Pour ses premiers résultats après la fusion des français Vivendi, Canal+ et de l'américain Seagram le 8 décembre dernier, le numéro deux mondial des médias derrière AOL Time Warner a annoncé mercredi un chiffre d'affaires en hausse de 36,5% à 41,7 milliards d'euros pour l'exercice 2000. Ce chiffre est pour l'instant provisoire et l'ensemble des résultats sera communiqué début mars. Les activités environnement, dont Vivendi Universal entend se défaire à terme, médias et télécoms ont réalisé à elles seules 40 milliards d'euros.

Jean-Marie Messier, PDG du groupe, a relevé que «les chiffres pour l'exercice 2000 traduisent une hausse considérable de l'activité de Vivendi Universal dans la communication». Cette dernière, qui regroupe les activités télécoms et médias, a connu un total des ventes de 13,6 milliards d'euros, en progression de 63%, intégrant Canal+ sur 12 mois contre 3 mois en 1999. A périmètre et change constant toutefois, la croissance s'est établie à 19%. Selon Stéphanie Rheinboldt, analyste chez Lombard Odier & Cie, les ventes dans le secteur des médias sont meilleures que prévu tandis que les activités télécoms ont généré un chiffre d'affaires légèrement en dessous des attentes.

Les télécoms ont contribué pour 5,3 milliards (35,1% dont 31,7% de croissance interne) au chiffre d'affaires du groupe. Au sein de cette division, Cegetel a réalisé des ventes pour 5,1 milliards d'euros (+31,5%), l'essentiel étant à l'actif du téléphone mobile (4,6 milliards d'euros). Le nombre d'abonnés a progressé de 38,3% à 10,2 millions au 31 décembre 2000.

Pour Vivendi Environnement, le chiffre d'affaires s'est élevé à 26,4 milliards d'euros en 2000, en hausse de 26% par rapport à 1999. L'augmentation, selon le groupe, résulte de la croissance interne (10,5%) et de l'impact, en année pleine, des acquisitions de 1999, avec principalement US Filter, intégré pour 8 mois en 1999 contre 12 en 2000. La part réalisée à l'étranger a représenté 15,3 milliards d'euros, soit 58% du total, en progression de 39,4% dont 13,3% de croissance interne.

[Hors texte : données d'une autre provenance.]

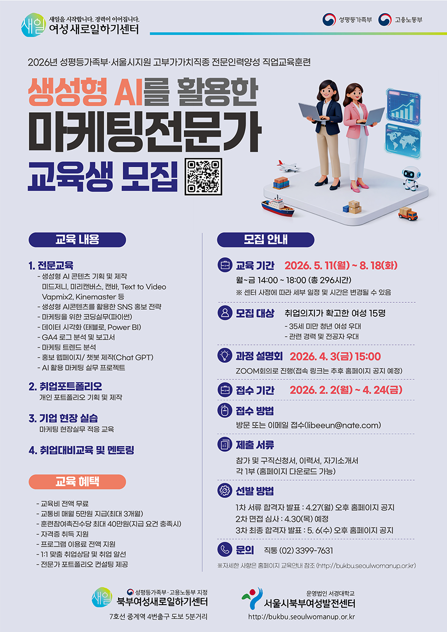 »õÀÏÀ» ½ÃÀÛÇÕ´Ï´Ù. °æ·ÂÀÌ À̾îÁý´Ï´Ù. ¿©¼º »õ·ÎÀÏÇϱ⼾ÅÍ ¼ºÆòµî°¡Á·ºÎ °íÀÀ³ëµ¿ºÎ 2026³â ¼ºÆòµî°¡Á·ºÎ?¼­¿ï½ÃÁö¿ø °íºÎ°¡°¡Ä¡Á÷Á¾ Àü¹®Àη¾缺 Á÷¾÷±³À°ÈÆ·Ã »ý¼ºÇü AI¸¦ Ȱ¿ëÇÑ ¸¶ÄÉÆÃÀü¹®°¡ ±³À°»ý ¸ðÁý ±³À° ³»¿ë 1. Àü¹®±³À° - »ý¼ºÇü AI ÄÜÅÙÃ÷ ±âȹ ¹× Á¦ÀÛ DEALI, DIR, 28, Text to Video Vapmix2, Kinemaster 5 - »ý¼ºÇü AIÄÜÅÙÃ÷¸¦ Ȱ¿ëÇÑ SNS È«º¸ Àü·« - ¸¶ÄÉÆÃÀ» À§ÇÑ ÄÚµù½Ç¹«(ÆÄÀ̽ã) - µ¥ÀÌÅÍ ½Ã°¢È­ (źí·Î, Power BI) - GA4 ·Î±× ºÐ¼® ¹× º¸°í¼­ - ¸¶ÄÉÆÃ Æ®·»µå ºÐ¼® - È«º¸ À¥ÆäÀÌÁö/ ÇÞº¿ Á¦ÀÛ(Chat GPT) - AI Ȱ¿ë ¸¶ÄÉÆÃ ½Ç¹« ÇÁ·ÎÁ§Æ® 2. Ãë¾÷Æ÷Æ®Æú¸®¿À °³ÀÎ Æ÷Æ®Æú¸®¿À ±âȹ ¹× Á¦ÀÛ 3. ±â¾÷ ÇöÀå ½Ç½À ¸¶ÄÉÆÃ ÇöÀå½Ç¹« ÀûÀÀ ±³À° 4. Ãë¾÷´ëºñ±³À° ¹× ¸àÅ丵 ±³À° ÇýÅà - ±³À°ºñ Àü¾× ¹«·á - ±³Åëºñ ¸Å¿ù 5¸¸¿ø Áö±Þ(ÃÖ´ë 3°³¿ù) - ÈÆ·ÃÂü¿©ÃËÁø¼ö´ç ÃÖ´ë 40¸¸¿ø(Áö±Þ ¿ä°Ç ÃæÁ·½Ã) - ÀÚ°ÝÁõ Ãëµæ Áö¿ø - ÇÁ·Î±×·¥ ÀÌ¿ë·á Àü¾× Áö¿ø - 1:1 ¸ÂÃã Ãë¾÷»ó´ã ¹× Ãë¾÷ ¾Ë¼± - Àü¹®°¡ Æ÷Æ®Æú¸®¿À ÄÁ¼³ÆÃ Á¦°ø ¸ðÁý ¾È³» ±³À° ±â°£ 2026. 5. 11(¿ù)~ 8. 18(È­) ¿ù~±Ý 14:00~ 18:00 (ÃÑ 296½Ã°£) ¡Ø ¼¾ÅÍ »çÁ¤¿¡ µû¶ó ¼¼ºÎ ÀÏÁ¤ ¹× ½Ã°£Àº º¯°æµÉ ¼ö ÀÖÀ½ ¸ðÁý ´ë»ó Ãë¾÷ÀÇÁö°¡ È®°íÇÑ ¿©¼º 15¸í - 35¼¼ ¹Ì¸¸ û³â ¿©¼º ¿ì´ë - °ü·Ã °æ·Â ¹× Àü°øÀÚ ¿ì´ë ? °úÁ¤ ¼³¸íȸ 2026. 4. 3(±Ý) 15:00 ZOOMȸÀÇ·Î ÁøÇà(Á¢¼Ó ¸µÅ©´Â ÃßÈÄ È¨ÆäÀÌÁö °øÁö ¿¹Á¤) Á¢¼ö ±â°£ 2026.2. 2(¿ù)~ 4.24(±Ý) Á¢¼ö ¹æ¹ý ¹æ¹® ¶Ç´Â À̸ÞÀÏ Á¢¼ö(******@*******.***) Á¦Ãâ ¼­·ù Âü°¡ ¹× ±¸Á÷½Åû¼­, À̷¼­, ÀÚ±â¼Ò°³¼­ °¢ 1ºÎ(ȨÆäÀÌÁö ´Ù¿î·Îµå °¡´É) ¼±¹ß ¹æ¹ý 1Â÷ ¼­·ù ÇÕ°ÝÀÚ ¹ßÇ¥ : 4.27(¿ù) ¿ÀÈÄ È¨ÆäÀÌÁö °øÁö 2Â÷ ¸éÁ¢ ½É»ç : 4.30(¸ñ) ¿¹Á¤ 3Â÷ ÃÖÁ¾ ÇÕ°ÝÀÚ ¹ßÇ¥ : 5. 6(¼ö) ¿ÀÈÄ È¨ÆäÀÌÁö °øÁö ¹®ÀÇ Á÷µ¿ (***-****-**** ¡Ø ÀÚ¼¼ÇÑ »çÇ×Àº ȨÆäÀÌÁö ±³À°¾È³» ÂüÁ¶ (http://bukbu.seoulwomanup.or.kr) ? ¼ºÆòµî°¡Á·ºÎ? °í¿ë³ëµ¿ºÎ ÁöÁ¤ ºÏºÎ¿©¼º»õ·ÎÀÏÇϱ⼾ÅÍ 7È£¼± Á߰迪 4¹øÃⱸ µµº¸ 5ºÐ°Å¸® ¿î¿µ¹ýÀÎ ¼­°æ´ëÇб³ ¼­¿ï½ÃºÏºÎ¿©¼º¹ßÀü¼¾ÅÍ http://bukou.seoulwomanup.or.kr

Vivendi Universal devrait, grâce à un niveau important de cash, procéder à des acquisitions aux Etats-Unis, relève l'analyste de la banque genevoise. Actuellement en effet, la société est peu présente outre-Atlantique dans la distribution, Seagram ayant apporté dans la corbeille de la mariée du contenu, comme les studios Universal ou l'éditeur de musique PolyGram. Le marché imagine par exemple volontiers un échange d'actifs entre la participation de Vivendi Universal dans BSkyB, dont Vivendi Universal devrait se détacher, et celle de l'américain Liberty Media dans USA Network.

Il faudra attendre le 9 mars pour connaître l'ensemble des résultats pour l'exercice 2000 et obtenir des informations sur les évolutions prévues pour 2001. Jean-Marie Messier a toutefois déjà annoncé que «Vivendi Universal entre dans sa première année de pleine activité avec de très fortes perspectives de croissance et un bilan très solide.» Pour Stéphanie Rheinboldt, il ne faut toutefois pas attendre grand-chose quant à l'évolution de l'action cette année. Car la visibilité sur le titre est encore floue. L'intégration des trois sociétés joue un rôle à cet égard comme la complexité de la structure du groupe.